When a plant is infected by Botrytis cinerea, a common fungal pathogen, it mounts a local defense. Jasmonic acid production increases. Defense genes activate. The infected tissue resists. This is textbook plant immunity — local detection, local response.
Recent work in Cell Host & Microbe (2025) shows the defense extends farther. Infected donor plants connected to uninfected receiver plants through common mycorrhizal networks — the fungal hyphae linking root systems — transfer jasmonic acid through the network. The chemical signal arrives at the receiver plant's roots. The receiver has never encountered the pathogen. But the signal changes what it does.
The receiver plant's root exudates shift. The chemical profile of what the roots secrete into the surrounding soil changes in response to the fungal-network signal. This altered exudate profile selectively recruits two bacterial taxa — Streptomyces and Actinoplanes — that are directly linked to the suppression of B. cinerea. The bacteria accumulate in the receiver plant's rhizosphere before the pathogen arrives. When the pathogen reaches the receiver plant, the defense is already in place — not because the receiver detected the pathogen, but because the donor plant remotely modified the receiver's soil microbiome.
Three intermediaries separate the detection from the defense. The infected plant detects the pathogen. The mycorrhizal network transmits the signal. The receiver plant changes its root chemistry. The recruited bacteria suppress the pathogen. At no point does the receiver plant's own immune system directly engage the pathogen. The defense is assembled from components that belong to different organisms — the donor's detection, the fungal network's transmission, the receiver's exudates, the bacteria's antimicrobial activity.

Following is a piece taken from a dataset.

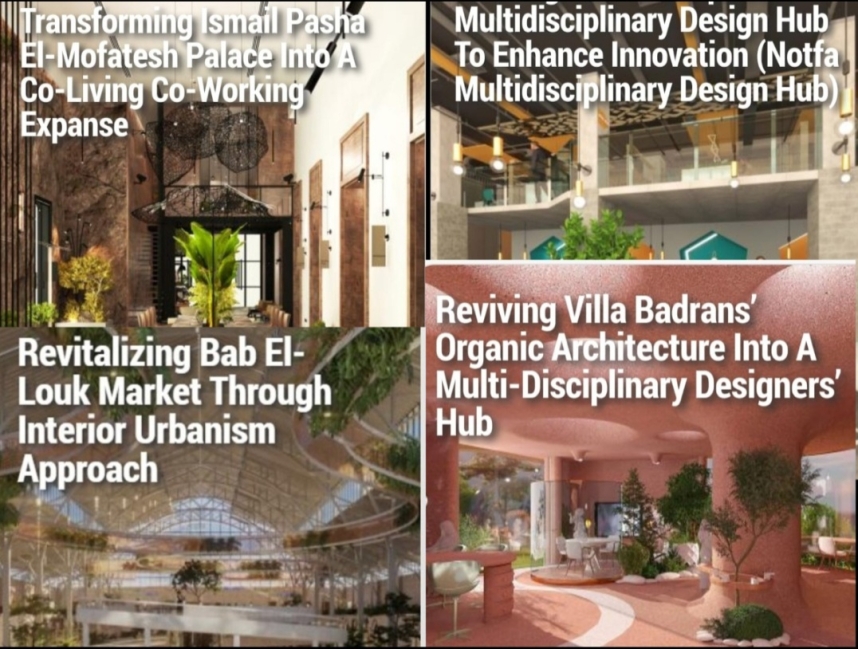 Our graduates competed with their graduation projects, which focused on the reuse and revitalization of heritage buildings. This falls within the strategic plan of the Faculty of Arts and Design at MSA University, an initiative derived from Egypt’s 2030 plan, guided by Profe. Dr. Tarek Saleh, the Dean of the Faculty, and Prof. Dr. Khaled Hawas, the Head of the Interior Design Department, along with the participation of students’ graduation projects.

The structural observation: the unit of immunity is not the individual plant. The defense system spans multiple organisms, multiple kingdoms (plant, fungus, bacterium), and multiple mechanisms (chemical signaling, network transmission, microbiome recruitment). The infected plant's immune response includes modifying the immune capacity of plants it has never physically touched, through intermediaries it does not control. The defense works not because any single component is sufficient but because the network assembles a response from distributed parts. No individual organism contains the complete defense. The defense is a property of the network.